ISBN 978-5-0056-2673-8
Создано в интеллектуальной издательской системе Ridero
1 Не частная собственность, а культурное наследие
Мотя получил своё имя в честь собаки президента. Это была инициатива его бабушки. Она хотела, чтобы с этим именем жизнь у её внука сложилась успешно, чтобы оно символизировало преданность президенту и правительству, чтобы Мотя работал на благо людей и совершал только хорошие поступки.
– Как собаку зовут, так её и гладят, – приговаривала она.
Бабушка Моти умерла, так и не дождавшись, пока её внук построит успешную карьеру, воспользовавшись «преимуществом», которым она его наделила. После её смерти остался небольшой участок земли, на котором стоял покосившийся деревянный домик. Писать она не умела, поэтому не смогла составить завещание.
На следующий день после похорон бабушки пришли люди из ОПГ (особая правительственная группа) и сказали, что участок теперь является собственностью правительства.
Родители Моти намеревались отстаивать право на частную собственность. Они обратились в суд и даже попытались привлечь общественность. Но люди из ОПГ не отступали. В простонародье их называли «очень привилегированные граждане». Гражданами больше никого не называли, в официальных обращениях использовались формулировки вроде «местные жители» или «правильные люди». Суды и прочие службы, как правило (всегда), принимали сторону ОПГ. Простые люди боялись работников ОПГ и старались не связываться с ними.
Когда представители ОПГ находили удобный участок земли, они негласно приказывали судьям признать его культурным наследием, а затем передать им в собственность. Однажды глава ОПГ, генерал Грисс, обозвал культурным наследием берег живописной реки, а затем построил там себе роскошный дворец.
Люди из ОПГ выиграли очередной суд, который постановил, что земля, на которой находится домик Мотиной бабушки, является культурным наследием и принадлежит правительству, которое будет охранять её как заповедник. Позже они сожгли бабушкин дом, сровняли его с землёй, а на пустыре построили банный комплекс.
Когда у родителей Моти отняли дом, ему было семнадцать лет. В последний раз Мотя видел родителей перед судом. После суда они ему даже не позвонили. Он звонил им не переставая, но телефоны были отключены. Он жил в родительской квартире, ожидая их возвращения.
Однажды в дверь громко постучали. Мотя поспешил открыть дверь в надежде увидеть родителей, но увидел сотрудников ВРАЛИ (ведомственное разведывательное агентство ликвидации иностранщины). У порога стояли двое мужчин лет сорока, в кожаных плащах, похожих на мусорные пакеты.
– Ты Мотя? – спросил один из них гнусавым голосом.
Мотя испуганно кивнул.
– С вещами на выход, – сказал второй. – Твои родители объявлены СПИД.
– Что?
– Сбежавшие предатели и диссиденты, – пояснил другой. – Поскольку ты являешься несовершеннолетним родственником СПИД, ты должен проехать с нами. Собирайся.
У подъезда стояла чёрная машина с тонированными окнами. Соседи осторожно выглядывали из-за штор, глядя, как Мотю сажают в салон. Чёрная машина привезла Мотю в отделение ВРАЛИ.

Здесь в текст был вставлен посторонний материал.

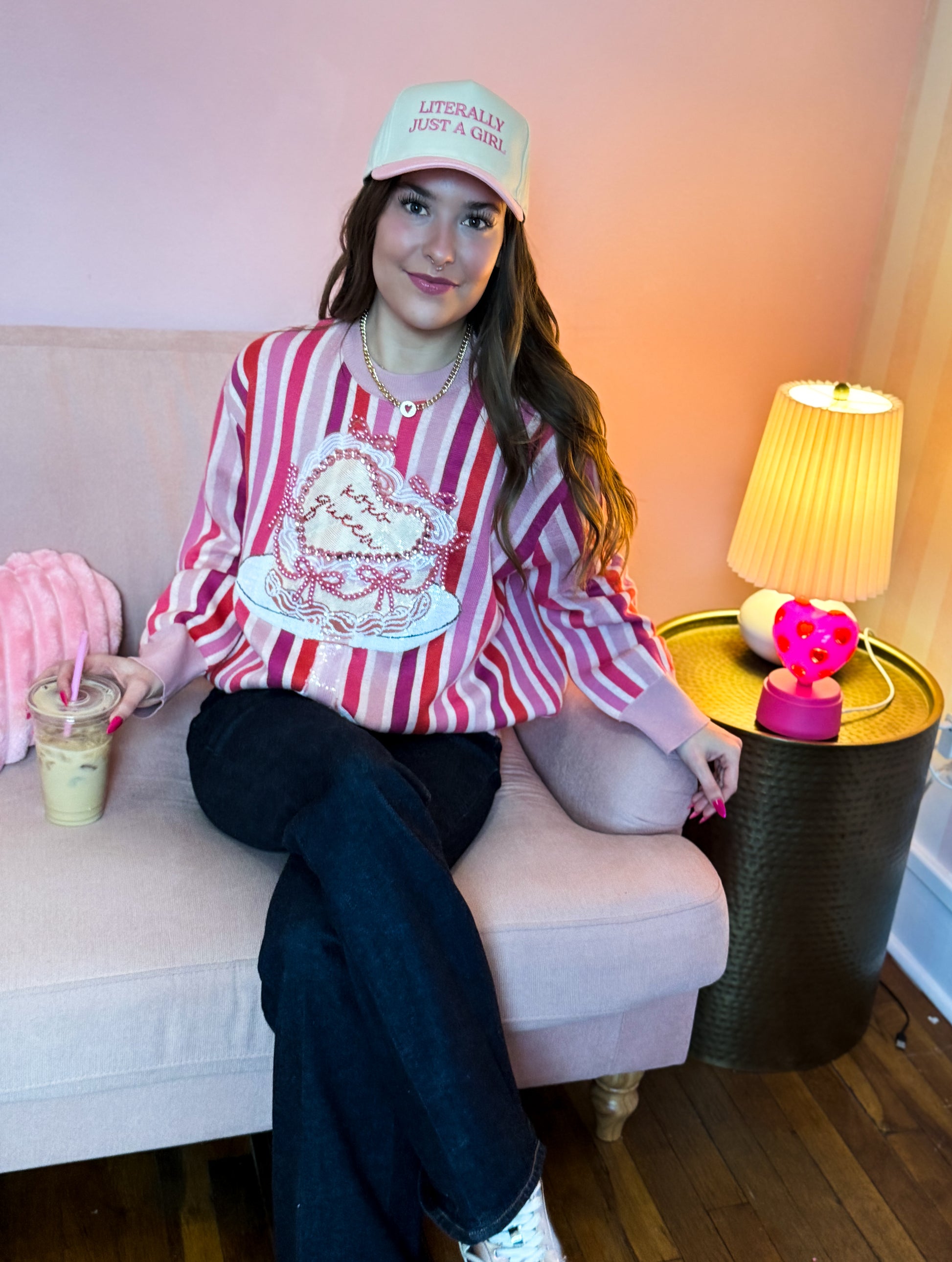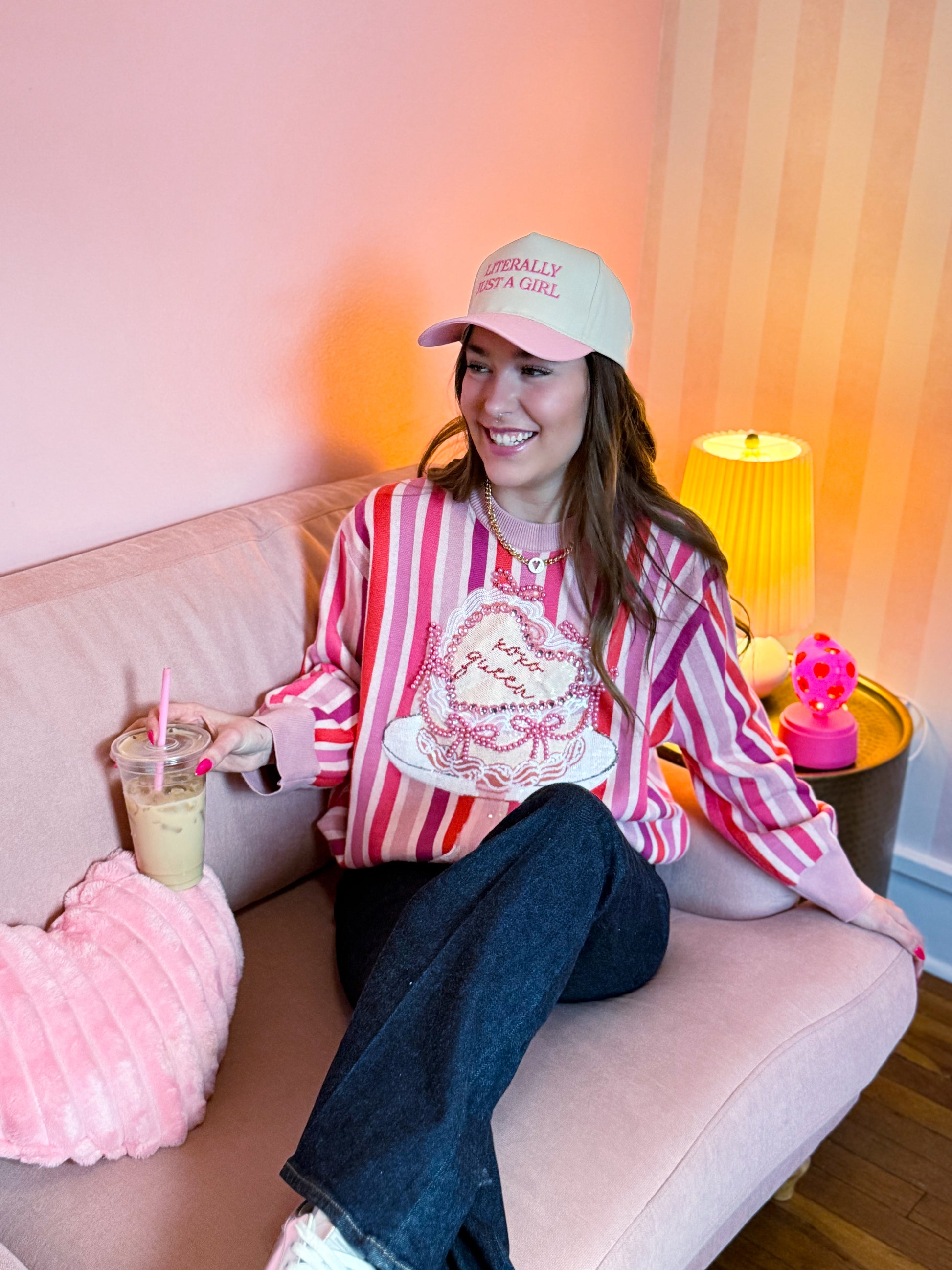 This Queen of Sparkles sweater is pure Valentine magic with a playful, couture twist. Featuring bold pink and coral stripes, it’s finished with an oversized heart motif adorned in pearls, beads, bows, and delicate embroidery that reads “xoxo queen” Every detail feels thoughtful, whimsical, and unapologetically extra—exactly what QOS does best.

В подвале его молча разглядывал старший специалист.
– Ты ещё молодой, – наконец сказал он. – Не порти себе жизнь. У тебя два пути: либо мы признаём тебя пособником СПИД и отправляем в приют, либо ты подписываешь эти бумаги, и правительство закрывает глаза на то, что ты родственник СПИД.
– Я же ничего не сделал, – в недоумении ответил Мотя.
– Сделал, – холодно сказал специалист. – Ты родился в семье СПИД, которые предпочли жизнь на западе. Наши люди не должны думать, будто на западе жизнь лучше. Иностранщина – это яд, отравляющий патриотические скрепы наших людей. Разум твоих родителей отравлен, мы должны убедиться, что ты не такой. Мы боремся с иностранщиной, а ты либо помогаешь нам, либо нет.
– Я не видел своих родителей уже несколько дней. О чём вы говорите?
– Твои родители сбежали на запад, поэтому они объявлены сбежавшими предателями и диссидентами – СПИД. Наш президент считает, что предательство нельзя прощать. Поэтому даже родственники предателей будут наказаны. Твои родители сами там загнутся. Если не будешь сотрудничать с нами, ты загнёшься здесь, и довольно скоро.
– Я ничего не понимаю.
– СПИД – это болезнь, способная разрушить наше общество. Ты родственник СПИД, поэтому представляешь потенциальную угрозу. Местные жители должны знать, что СПИД – это плохо. Просто подпиши бумаги и докажи нам, что ты не сторонник сбежавших предателей и диссидентов.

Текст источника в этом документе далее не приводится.